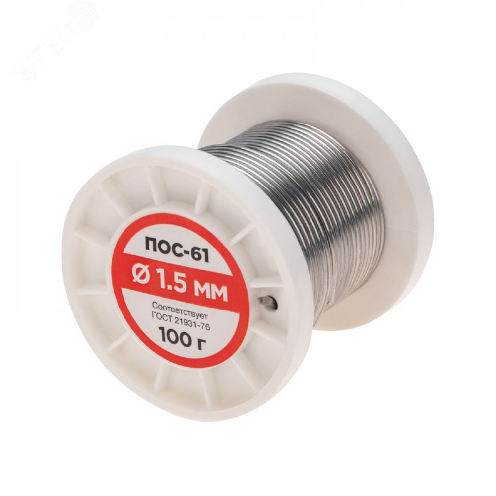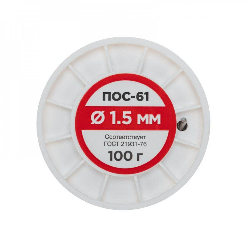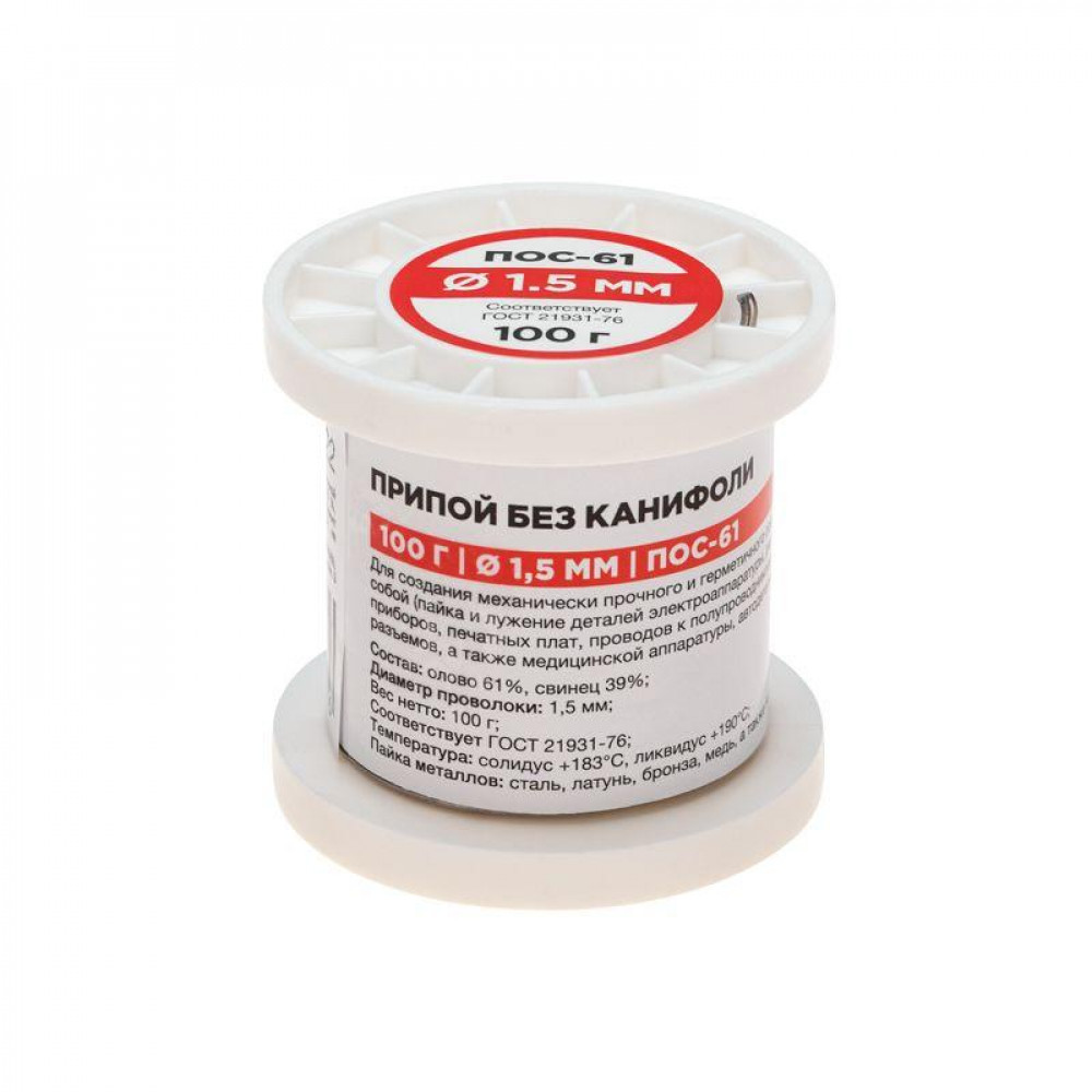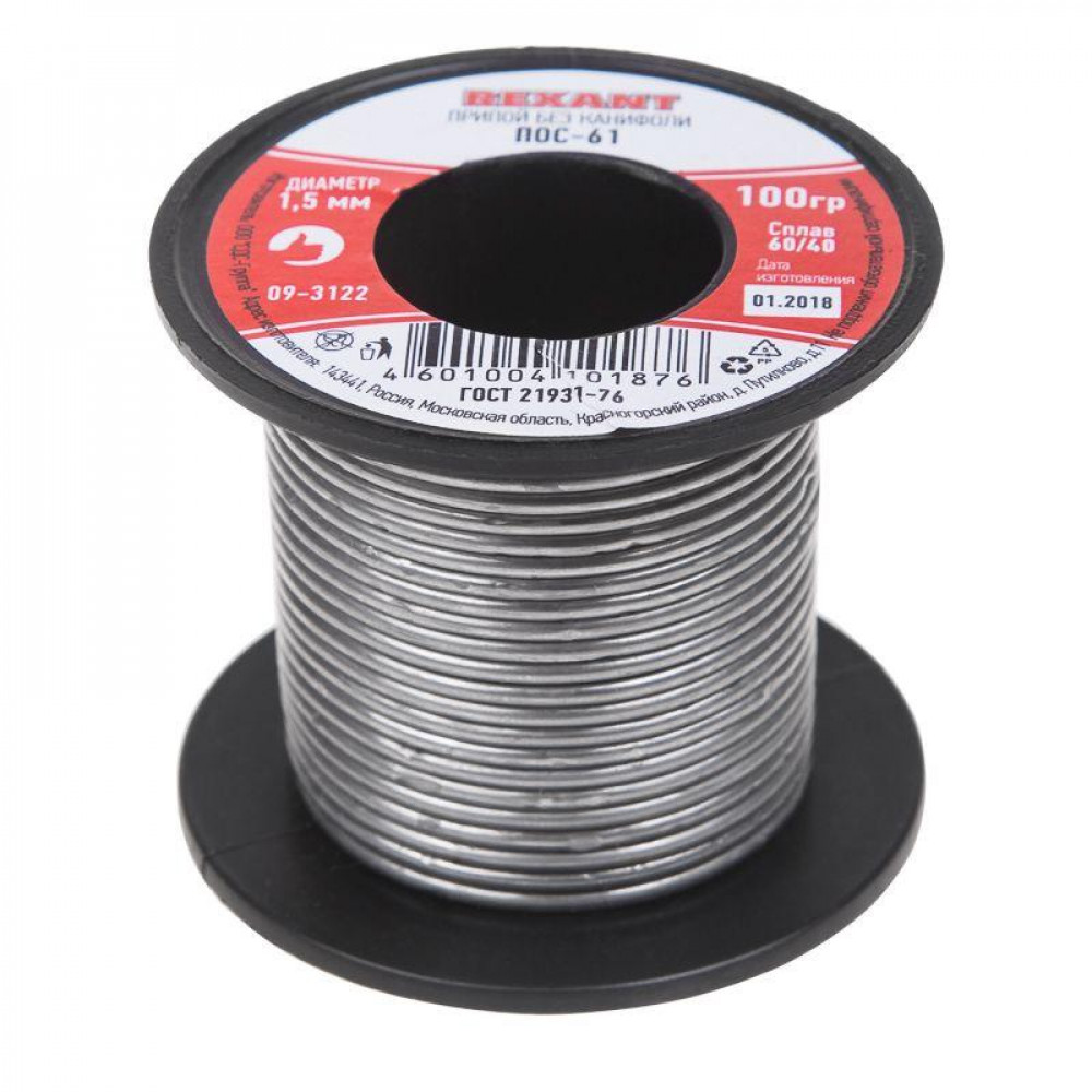 Припой ПОС-61 1.5мм 100 гр. катушка, Припой проволочный без канифоли REXANT (олово 61%, свинец 39%), катушка
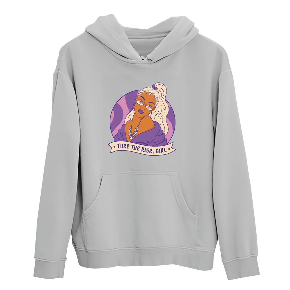 Unique Quote Gift for Empowering Women Take the Risk Girl Gray and Muticolor Unisex Hoodie
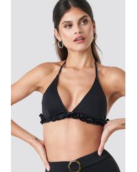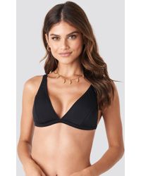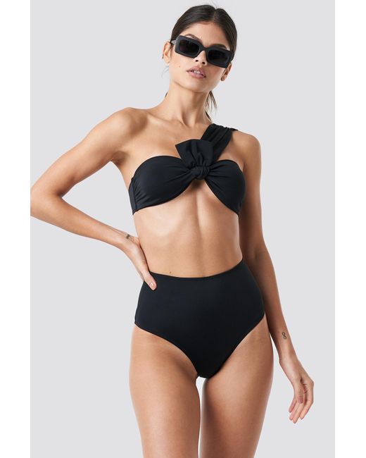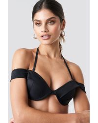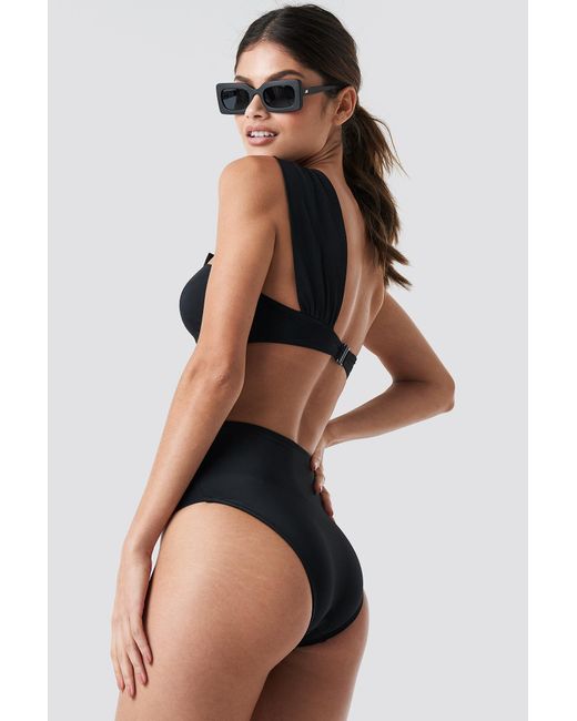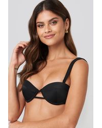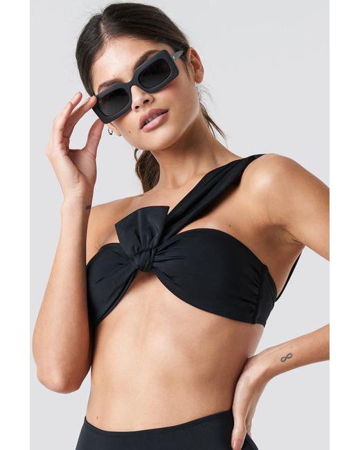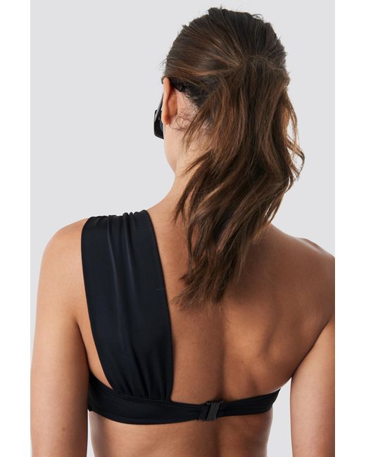 This bikini top by Trendyol features a hook-and-eye closure, shoulder straps with a one shoulder look, a removable padding and a tie detail at the front. This bikini top comes in black. 81% Polyamide, 19% Elastane. Colour: black
● ● ● ● ● ● ●
*TASK GOAL*:
What is needed is a verbatim copy of the material, minus its pictures.

*ANSWER FOR THIS EXERCISE*:
 Припой ПОС-61 1.5мм 100 гр. катушка, Припой проволочный без канифоли REXANT (олово 61%, свинец 39%), катушка
 Unique Quote Gift for Empowering Women Take the Risk Girl Gray and Muticolor Unisex Hoodie
 This bikini top by Trendyol features a hook-and-eye closure, shoulder straps with a one shoulder look, a removable padding and a tie detail at the front. This bikini top comes in black. 81% Polyamide, 19% Elastane. Colour: black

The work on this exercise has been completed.